Parameter	Type	Description
model	string	Model ID in format: `provider-modelname`
messages	array	Array of message objects
stream	boolean	Enable streaming (default: false)
temperature	number	Sampling temperature (0.0 - 2.0)
max_tokens	integer	Maximum tokens to generate
top_p	number	Nucleus sampling parameter
frequency_penalty	number	Penalize repetitions (-2.0 to 2.0)
presence_penalty	number	Encourage new topics (-2.0 to 2.0)
tools	array	Tools/functions for function calling
tool_choice	string/object	Control tool selection behavior
n	integer	Number of completions to generate
stop	string/array	Stop sequences
response_format	object	Output format (text/json_object/json_schema)

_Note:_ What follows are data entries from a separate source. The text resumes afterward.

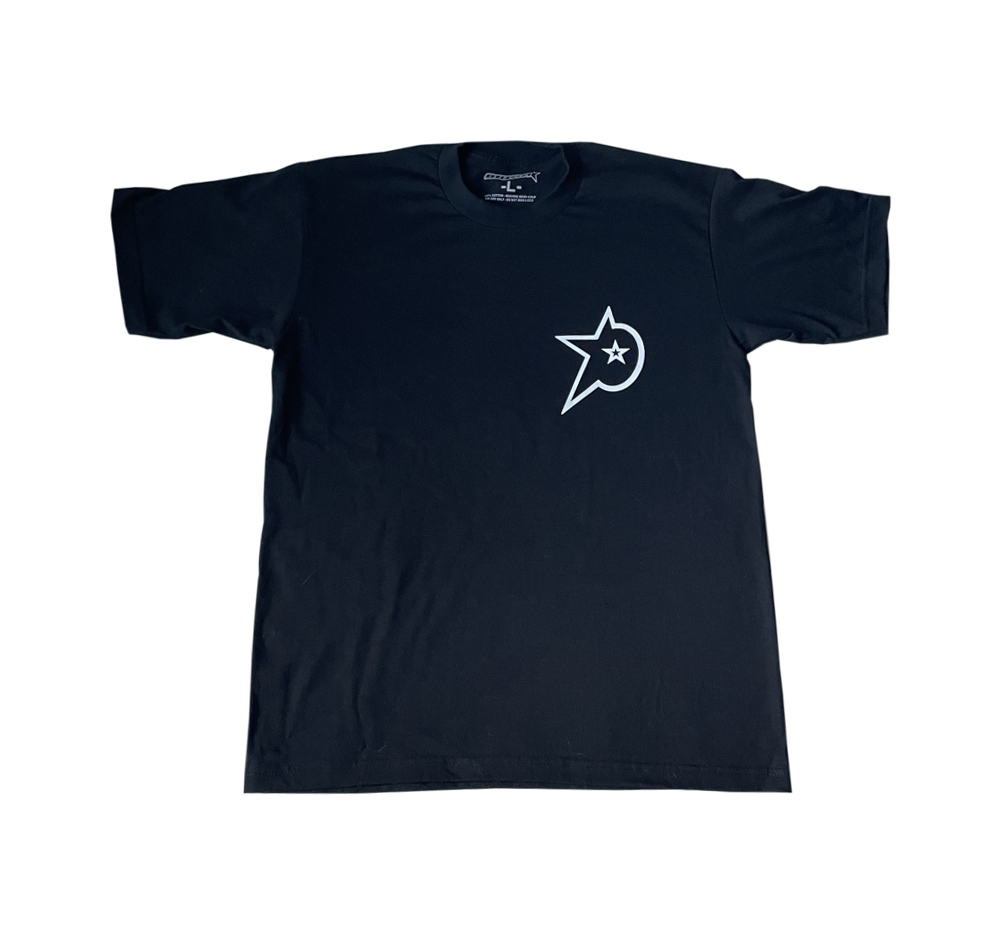 Orion WRLD Apparel's first tee drop which contains a DTG printing finish with a simple front and back design. Orion's tee is a shakawear black heavyweight garment with a weight of 7 oz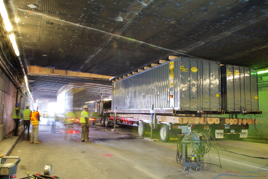 SGH collaborated with the building owner and construction manager to develop a controlled demolition plan that would minimize risks to the building above and traffic below. During nightly lane closures, the construction team installed temporary shoring, including supplemental steel hangers and steel support beams, to facilitate saw cutting dozens of manageable pieces, approximately 300 sq ft each. During weekend tunnel closures, the contractor cut the hangers and lowered the pieces onto trucks rigged with shipping containers ready to receive and transport the pieces.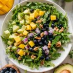 This refreshing Mango Cucumber Salad with Blueberry and Avocado combines sweet, tangy, and crunchy flavors, enhanced by a zesty cilantro lime vinaigrette. Perfect for a light lunch or a vibrant side dish, this salad boasts a colorful mix of fresh fruits, greens, and toasted walnuts.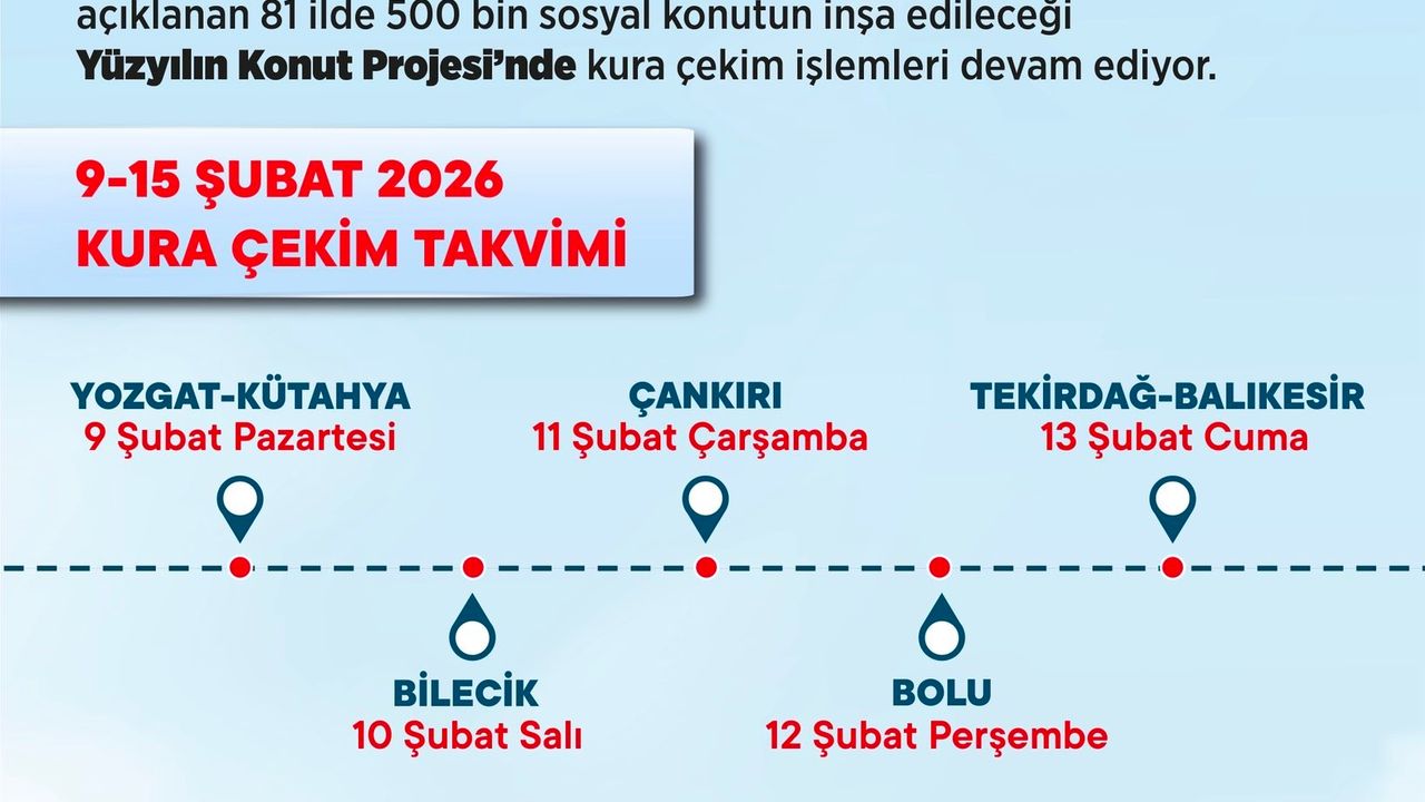 9-15 Şubat haftası takvimine göre; 9 Şubat Pazartesi Yozgat’ta 2 bin 858, Kütahya’da 3 bin 592, 10 Şubat Salı Bilecik’te bin 419, 11 Şubat Çarşamba Çankırı’da bin 753, 12 Şubat Perşembe Bolu’da bin 950, 13 Şubat Cuma Tekirdağ’da 6 bin 865, Balıkesir’de 7 bin 548 konutun daha hak sahipleri belirlenecek. Böylece 9-15 Şubat 2026 haftasında 7 ilde toplam 25 bin 985 konutun daha kurası çekilecek. 15 Şubat’ta kurası çekilen il sayısı 57’ye, hak sahibi belirlenen konut sayısı ise 203 bin 111’e yükselecek.

Full OpenAI v1 Compatibility

UnifiedAI supports all OpenAI v1 API parameters including advanced features like function calling, JSON mode, and prompt caching. Additional parameters like logprobs, seed, and logit_bias are also supported.

Ollama API

UnifiedAI also provides Ollama-compatible endpoints, allowing you to use it with tools like Continue.dev, Cursor, and other Ollama clients.

Base URL

http://localhost:9000/api

Endpoints

List Models (Tags)

GET /api/tags

Returns available models in Ollama format.

Chat

POST /api/chat

Generate a chat completion in Ollama format.

Request:

{
  "model": "deepseek-chat",
  "messages": [
    {
      "role": "user",
      "content": "Hello!"
    }
  ],
  "stream": false
}

Generate

POST /api/generate

Generate a completion from a prompt.

Request:

{
  "model": "qwen-2.5-72b",
  "prompt": "Tell me a joke",
  "stream": false
}

Version

GET /api/version

Returns the Ollama API version.

Authentication

UnifiedAI uses API key authentication for the OpenAI v1 API.

API Key Format

Any API key starting with sk- will be accepted (e.g., sk-test, sk-anything).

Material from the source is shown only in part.